Até o fim do mês, o trabalho da Polícia Rodoviária Federal e do Ministério Público do Trabalho será de orientação, que regulamenta o tempo de trabalho e de descanso. A polícia vai usar as informações do tacógrafo para fazer a fiscalização. Números da polícia revelam que, só no ano passado, metade dos 192 mil acidentes nas rodovias federais envolveu caminhões: 4.404 motoristas que se envolveram em acidentes e sobreviverem disseram que dormiram ao volante. Alguns confirmaram que para vencer o cansaço tomaram remédios para tirar o sono. Para o Ministério Público do Trabalho, a nova legislação é uma vitória para a categoria.
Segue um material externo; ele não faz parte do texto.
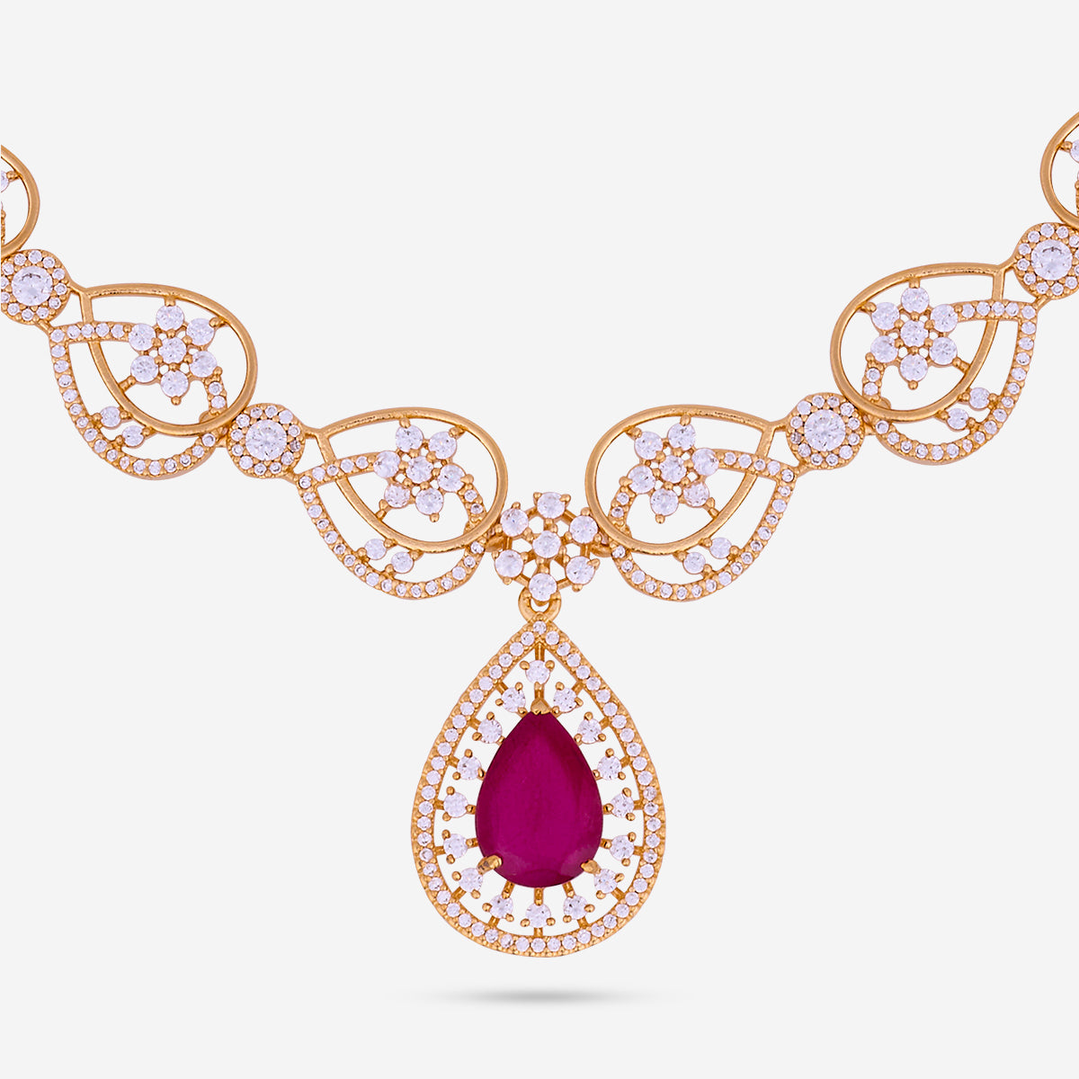 - For a bridal ensemble, go for elaborate zircon necklace designs that sparkle under the lights.
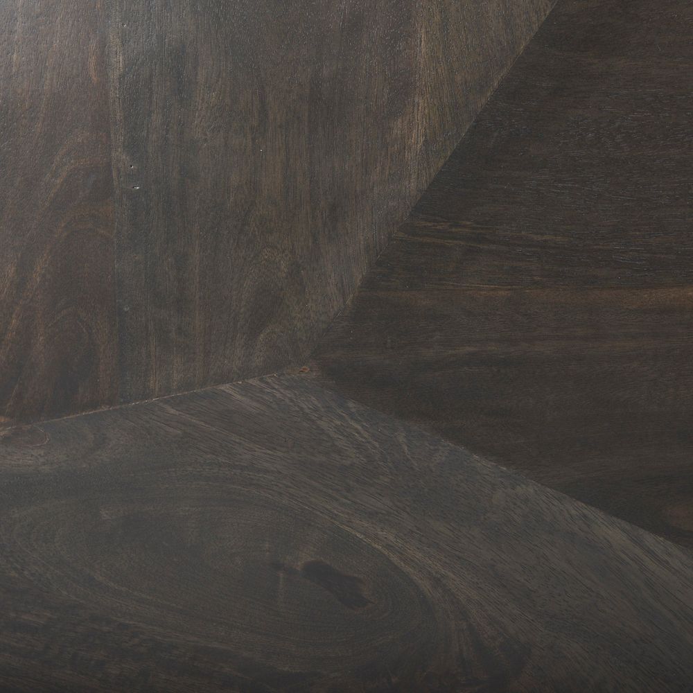 Feature#2: Meticulously crafted from dark brown stained Indian mango wood, the Victoria is a substantial piece of furniture and is built to last for years to come. This piece is supported by four, uniquely designed iron legs finished in an antiqued-gold tone that not only add to the visuals of the piece but also contributes to its sturdiness and stability.
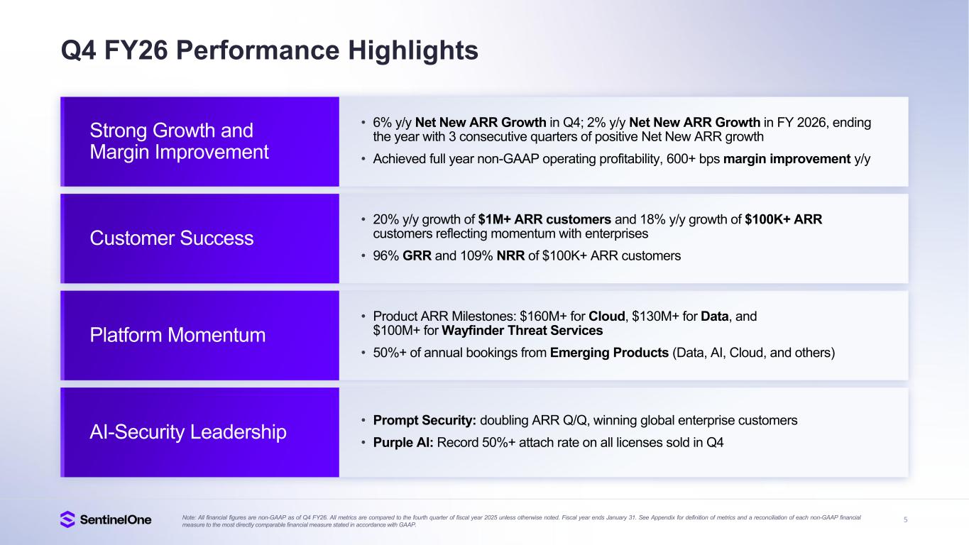 4 Q4 FY26 Results Note: All financial figures are non-GAAP as of Q4 FY26. All metrics are compared to the fourth quarter of fiscal year 2025 unless otherwise noted. Fiscal year ends January 31. See Appendix for definition of metrics and a reconciliation of each non-GAAP financial measure to the most directly comparable financial measure stated in accordance with GAAP. 22% ARR Growth $1,119M 20% Growth in Customers $1M+ ARR 50%+ Emerging Products % of Annual Bookings 78% Gross Margin 6% Operating Margin 450+ bps Margin Improvement (y/y) Strong Growth and Margin Improvement Record High Q4 Net New ARR Record High ARR per Customer 50%+ of Annual Bookings from Emerging Products Delivered on Top and Bottom-Line Targets While Demonstrating Operating Efficiency 20% Revenue Growth $271M

A nova lei nem entrou em vigor e já preocupa muita gente. Na opinião dos caminhoneiros, a maioria dos postos não tem estrutura para acomodar todos durante os intervalos obrigatórios. “As rodovias nossa, além de estar em mal estado de conservação, os postos são em distâncias longas devido à concorrência. Para a gente dormir nos postos é preciso abastecer. Porque, geralmente, os guardas que fazem a manutenção não deixam a gente dormir. No acostamento a gente não pode parar porque corre o risco de ser assaltado e perder o caminhão. E o trajeto longo do jeito que a gente faz são 6 horas sem parar. E não tem condição de parar. Porque se você parar é assaltado”, disse o motorista José Aparecido Maradona.